Information supplied:
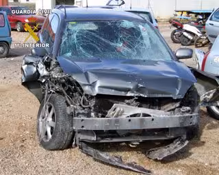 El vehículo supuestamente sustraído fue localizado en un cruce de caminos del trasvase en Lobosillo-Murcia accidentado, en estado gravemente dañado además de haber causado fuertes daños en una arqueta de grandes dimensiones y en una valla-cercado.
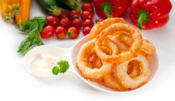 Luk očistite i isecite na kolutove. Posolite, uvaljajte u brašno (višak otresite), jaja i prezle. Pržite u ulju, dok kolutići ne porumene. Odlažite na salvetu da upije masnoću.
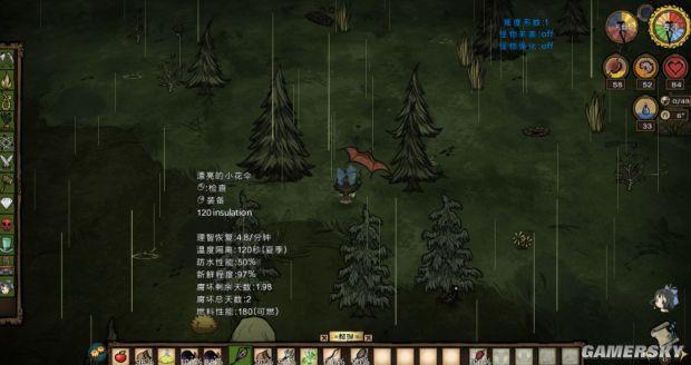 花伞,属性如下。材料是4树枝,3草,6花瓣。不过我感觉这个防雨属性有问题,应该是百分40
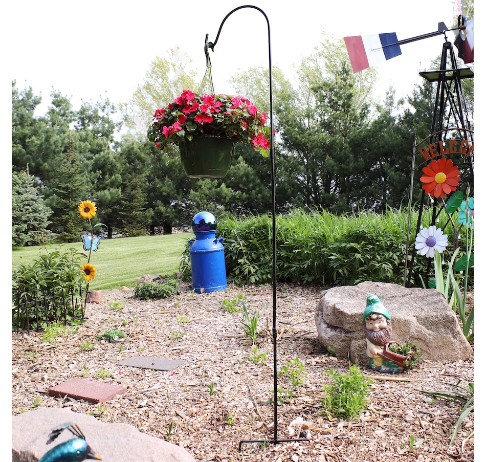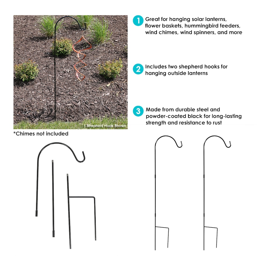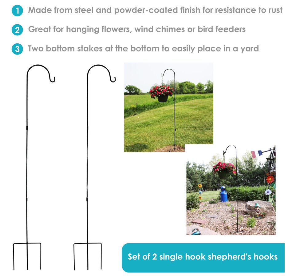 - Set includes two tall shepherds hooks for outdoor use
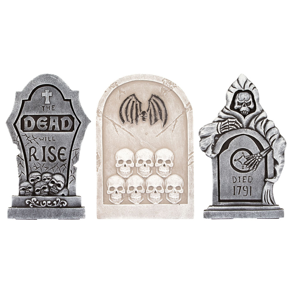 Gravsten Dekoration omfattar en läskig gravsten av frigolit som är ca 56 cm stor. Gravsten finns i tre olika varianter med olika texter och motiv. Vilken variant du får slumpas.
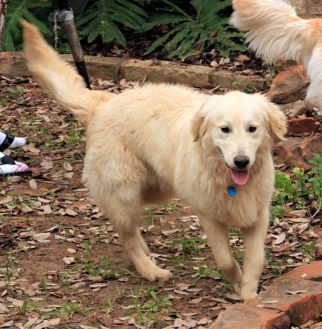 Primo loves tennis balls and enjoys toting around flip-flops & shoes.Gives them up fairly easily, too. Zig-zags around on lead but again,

--

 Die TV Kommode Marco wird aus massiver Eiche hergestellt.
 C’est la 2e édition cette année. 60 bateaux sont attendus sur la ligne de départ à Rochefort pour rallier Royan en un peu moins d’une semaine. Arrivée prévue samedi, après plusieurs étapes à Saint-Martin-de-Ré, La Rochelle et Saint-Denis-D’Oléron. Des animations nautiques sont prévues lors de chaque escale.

Work instructions:
"El vehículo supuestamente" marks the first line to copy, and "Luk očistite i" marks the last. Repeat that stretch above exactly, with no pictures.

Answer to the problem:
 El vehículo supuestamente sustraído fue localizado en un cruce de caminos del trasvase en Lobosillo-Murcia accidentado, en estado gravemente dañado además de haber causado fuertes daños en una arqueta de grandes dimensiones y en una valla-cercado.
 Luk očistite i isecite na kolutove. Posolite, uvaljajte u brašno (višak otresite), jaja i prezle. Pržite u ulju, dok kolutići ne porumene. Odlažite na salvetu da upije masnoću.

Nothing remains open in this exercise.